Restarted service via web page. Verified "left" now shows correct ip y.y.y.y and tunnel works. -
After much troubleshooting on and off the last few weeks, I think I have this working "good enough". Our old ASA 5505s handle failing over slightly more reliably, but in the end the cost and flexibility of the pfsense devices seem to be worth it.
I think one of the main issues was DNS resolution. The firewall was unable to update the dynamic dns service when it failed over to the backup wan. One way to resolve that is to configure "Enable default gateway switching" under advanced, but that seemed to cause issues with a static route I had setup to allow the firewall itself to reach the remote lan of the ipsec tunnel.
My resolution was to:
1. Make sure DNS servers are configured on all interfaces under System-> General Setup. (Why can't there be duplicates?)
2. Under Services->DNS Resolver, check "enable forwarding mode"
3. Set DPD to a lower retry rate to cause broken tunnel to be torn down quicker.
4. Enabled Cisco Extensions under vpn advanced.

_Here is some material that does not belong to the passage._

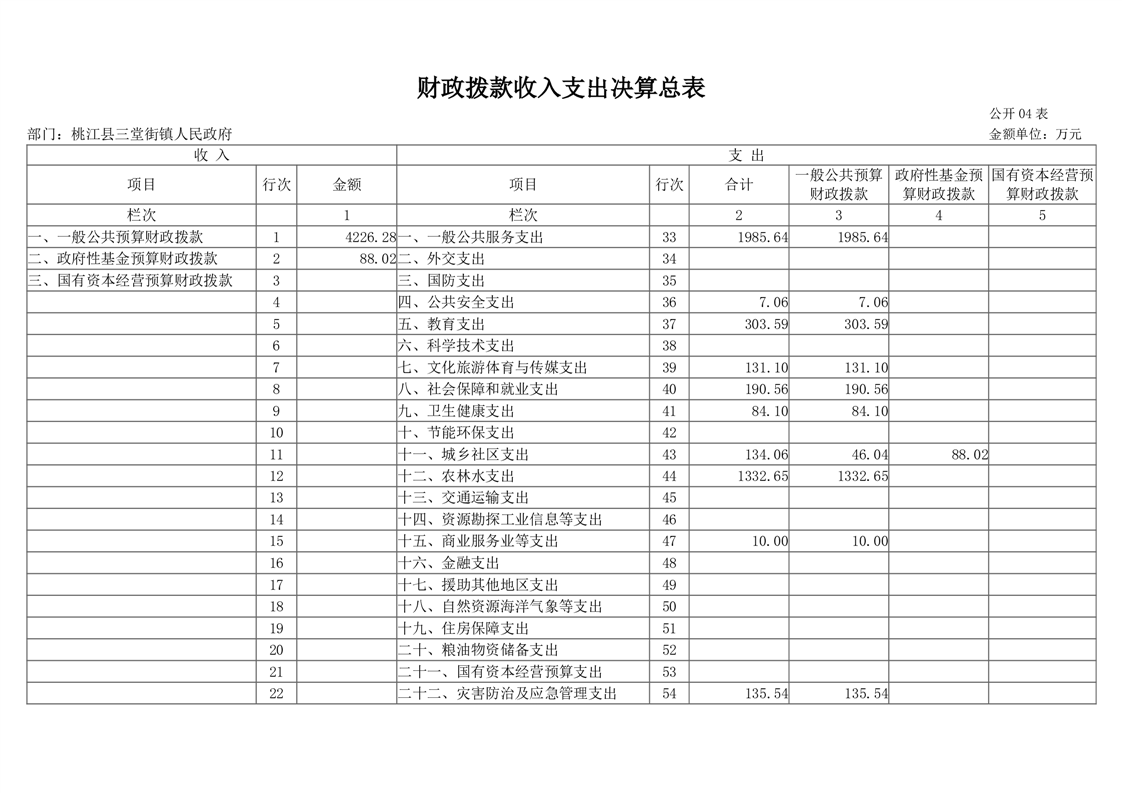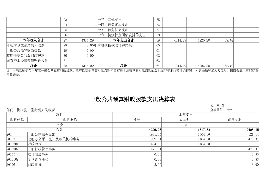 桃江县三堂街镇人民政府2024年部门决算公开说明

Not sure if this helped anything.
5. Installed cron and changed the rc.dyndns.update task to run every 3 minutes. This probably didn't fix anything, but it helped troubleshoot.Remaining issues:
1. When the primary WAN comes back online, the tunnel never seems to renegotiate on that circuit automatically (maybe im not waiting long enough?). This isn't critical in my view.
2. IPsec is currently using not very secure aggressive mode, more testing needed to check main mode.And maybe someday I'll be able to look into some sort of ipsec over gre connection that handles failures more gracefully, but that looks quite complex since I don't have much knowledge in the field.
Hope this helps someone.